COLLECTED MATERIAL:
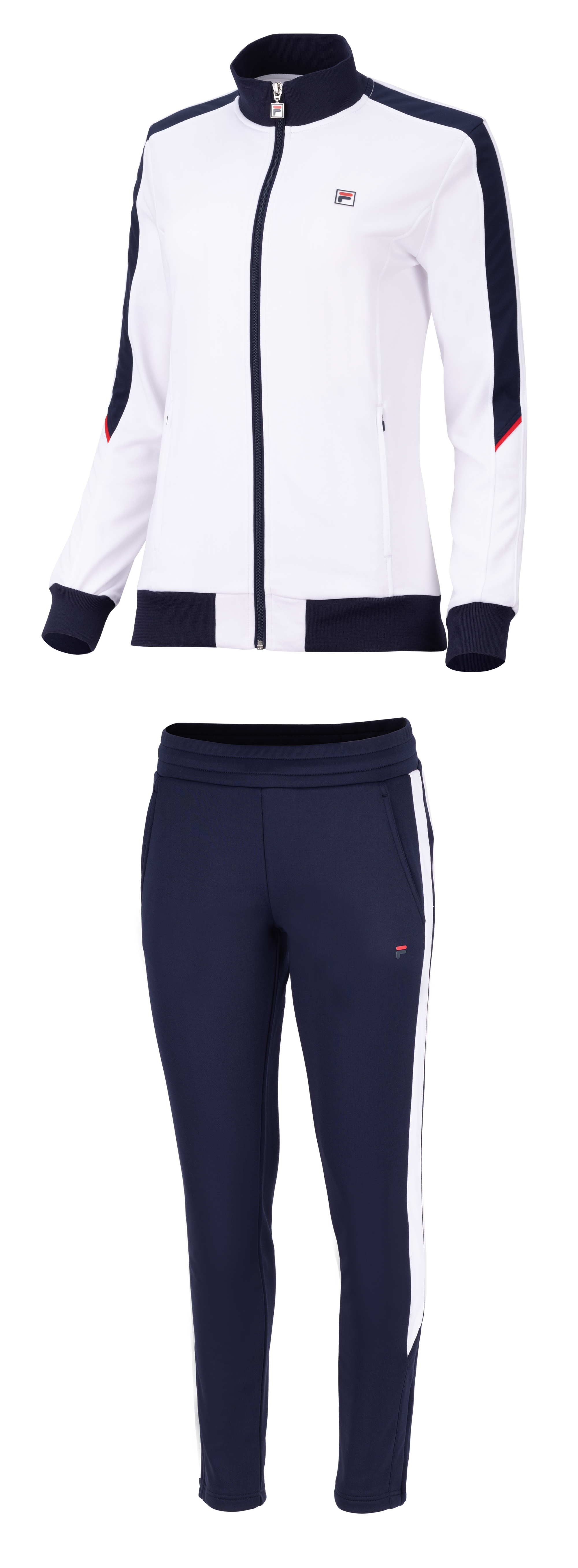 Klassischer Tracksuit aus Funktionsware mit Kontraststreifen - zugehörige lange Hose mit dezentem FILA-Branding.
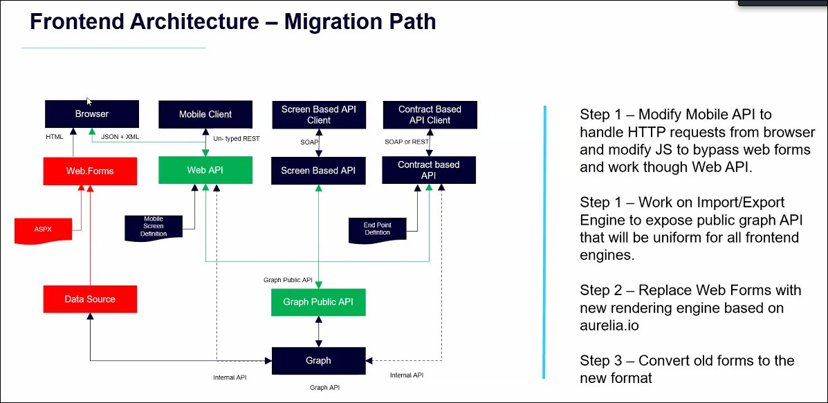 The big question from an engineering standpoint is how to move from the old front-end architecture to the new front-end architecture. This is how they are doing it in steps.
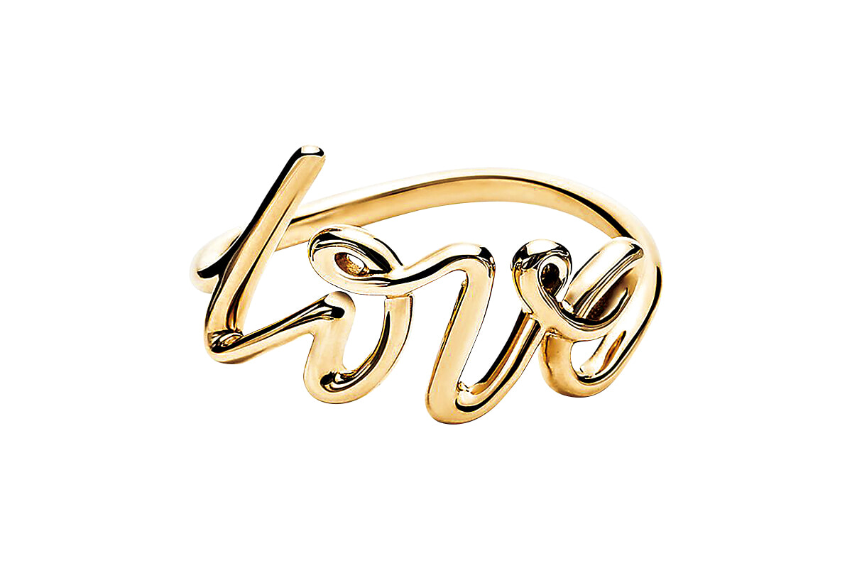 ニューヨークの建物の落書きをヒントに、パロマ・ピカソの直筆によりデザインされたリング。loveと綴られた文字にもデザイナーの味わいとセンスが宿る。「パロマ グラフィティ」(YG)¥111,100/ティファニー(ティファニー・アンド・カンパニー・ジャパン・インク)

INSTRUCTIONS TO FOLLOW:
Copy out exactly, with no pictures, the lines of the data from the first one through the line bearing "The big question".

RESULT OF THE EXERCISE:
 Klassischer Tracksuit aus Funktionsware mit Kontraststreifen - zugehörige lange Hose mit dezentem FILA-Branding.
 The big question from an engineering standpoint is how to move from the old front-end architecture to the new front-end architecture. This is how they are doing it in steps.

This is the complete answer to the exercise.